Effective and economic methods of converting chemical energy into electricity or vice versa (i.e., through the use of fuel cells) must be developed to aid in the transition to renewable energy sources. One of the major barriers in the commercialization of fuel cells is the disparity in speed and efficiency between the two fuel cell reactions: the hydrogen oxidation reaction (HOR) and the oxygen reduction reaction (ORR) of which the latter is orders of magnitude slower.¹ Mesoporous Pt prepared by electrodeposition has been shown to have increased activity towards the ORR than the industry standard Pt nanoparticles (NPs) supported on carbon.² Platinum based catalysts, however, lack long term stability under acidic fuel cell conditions. One method that has been found to mitigate the long-term loss of Pt catalyst stability and activity is coating platinum with nanoscale thin films of niobium oxide.³ In this work, niobium oxide was investigated as a stabilizing coating for mesoporous Pt NP catalysts.

Mesoporous Pt NPs were synthesized via electrodeposition to form ~50 nm diameter NPs. The Pt NPs were then coated with niobium oxide films with a varying nanoscale thickness that ranged from 3 to 50 nm.
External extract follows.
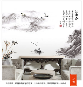 GS8831中国风山水画墙贴自粘卧室客厅贴画电视背...
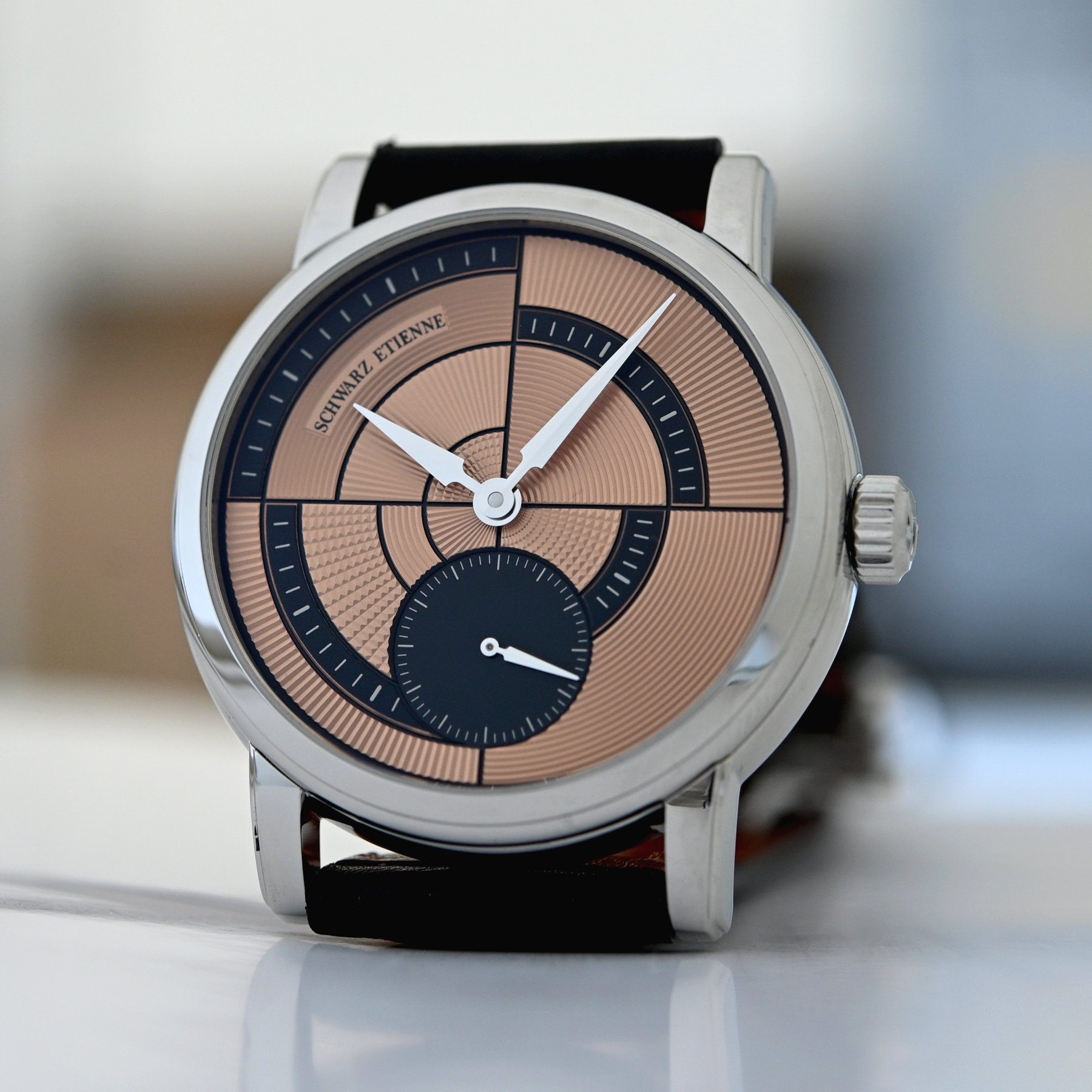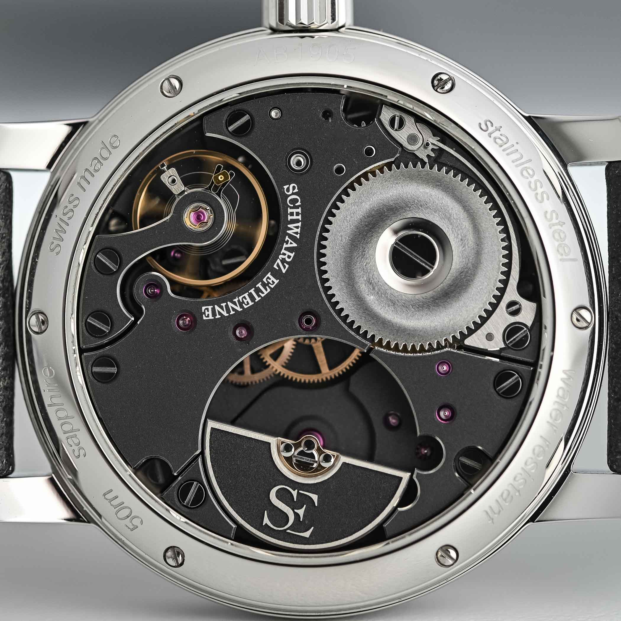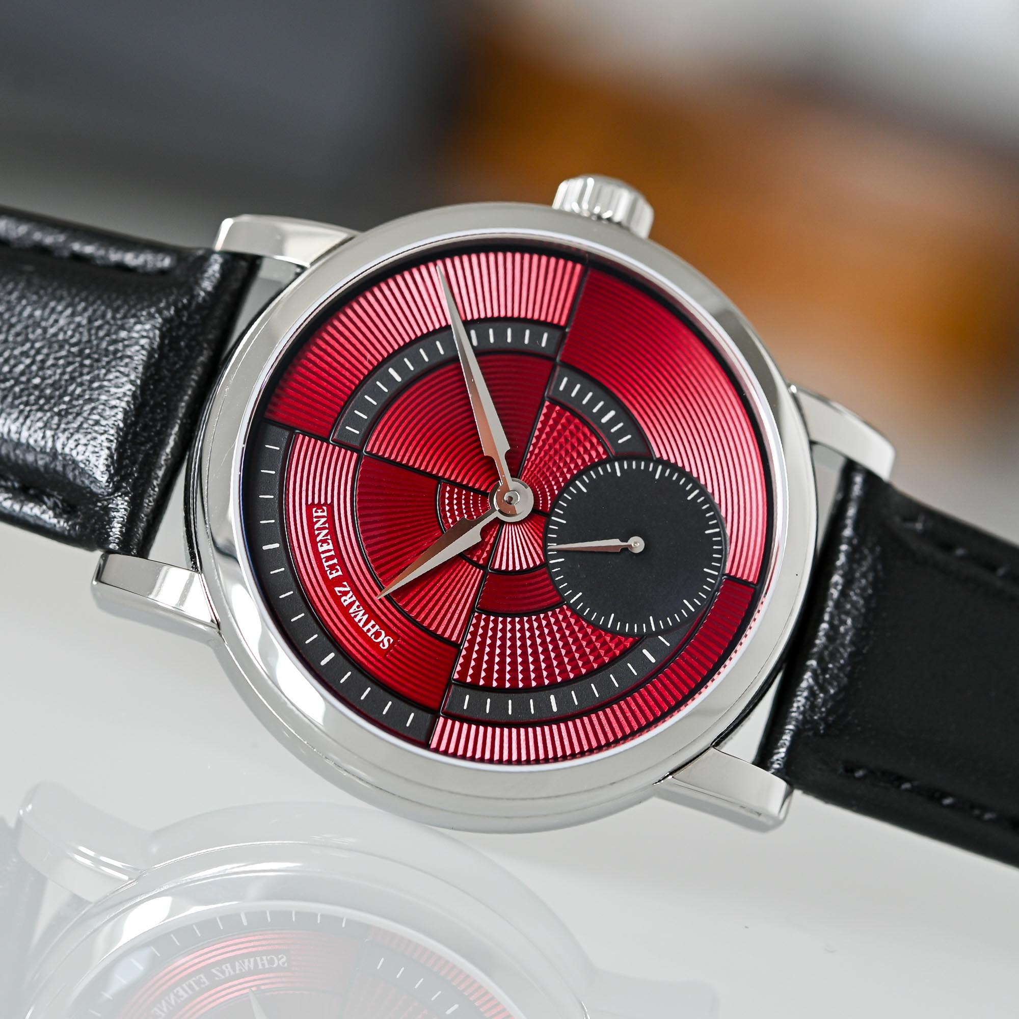 Next in line, again adding some pizzazz to the visual side, was the Schwarz Etienne Geometry, this time inviting designer Eric Giroud to transform the dial, and dialmaker Metalem to create a deconstructed hand-guilloché dial. First released in silver and salmon, followed by a bold cherry red edition, the Geometry comes back this year in a more traditional, monochromatic model with a black dial and some enhancements regarding the decoration of the movement.

The niobium oxide films were fabricated using atomic layer deposition (ALD) or electrodeposition.^3,4 Scanning electron microscopy and transmission electron tomography were used to evaluate the porosity and surface morphology of the Pt NPs before and after coating with niobium oxide. X-ray photoelectron spectroscopy and energy dispersive X-ray spectroscopy were used to confirm the presence and composition of the niobium oxide films. Electrochemical characterization by cyclic voltammetry and electrochemical impedance spectroscopy under acidic conditions was used to determine an optimal thickness of the niobium oxide film that stabilizes the size and morphology of the Pt NPs while maintaining catalyst activity. The Pt NPs coated with <10-nm thick niobium oxide films were observed to have an increased long-term performance in comparison to their uncoated counterparts. Stabilizing NP catalysts for improving their long-term activity is a vital step towards creating affordable alternatives to fossil fuels by maximizing renewable energy resources.
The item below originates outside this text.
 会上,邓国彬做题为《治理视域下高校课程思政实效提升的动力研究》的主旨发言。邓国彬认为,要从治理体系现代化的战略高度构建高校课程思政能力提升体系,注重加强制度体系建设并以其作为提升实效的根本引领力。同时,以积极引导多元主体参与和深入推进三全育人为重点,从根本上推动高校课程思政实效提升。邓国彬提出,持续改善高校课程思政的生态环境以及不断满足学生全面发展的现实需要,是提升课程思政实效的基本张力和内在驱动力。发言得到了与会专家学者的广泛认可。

1. Debe, M. K. Electrocatalyst Approaches and Challenges for Automotive Fuel Cells. Nature 2012, 486, 43–51.
2. Paul, M. T. Y.; Gates, B. D. Mesoporous Platinum Prepared by Electrodeposition for Ultralow Loading Proton Exchange Membrane Fuel Cells. Sci. Rep. 2019, 9, 4161.
3. Eastcott, J.; Gates, B. D. Nanoscale Thin Films of Niobium Oxide on Platinum Surfaces: Creating a Platform for Optimizing Material Composition and Electrochemical Stability. Can. J. Chem. 2017, 96, 260–266.
4. Zhitomirsky, I. Electrolytic Deposition of Niobium Oxide Films. Mater. Lett. 1998, 35, 188–193.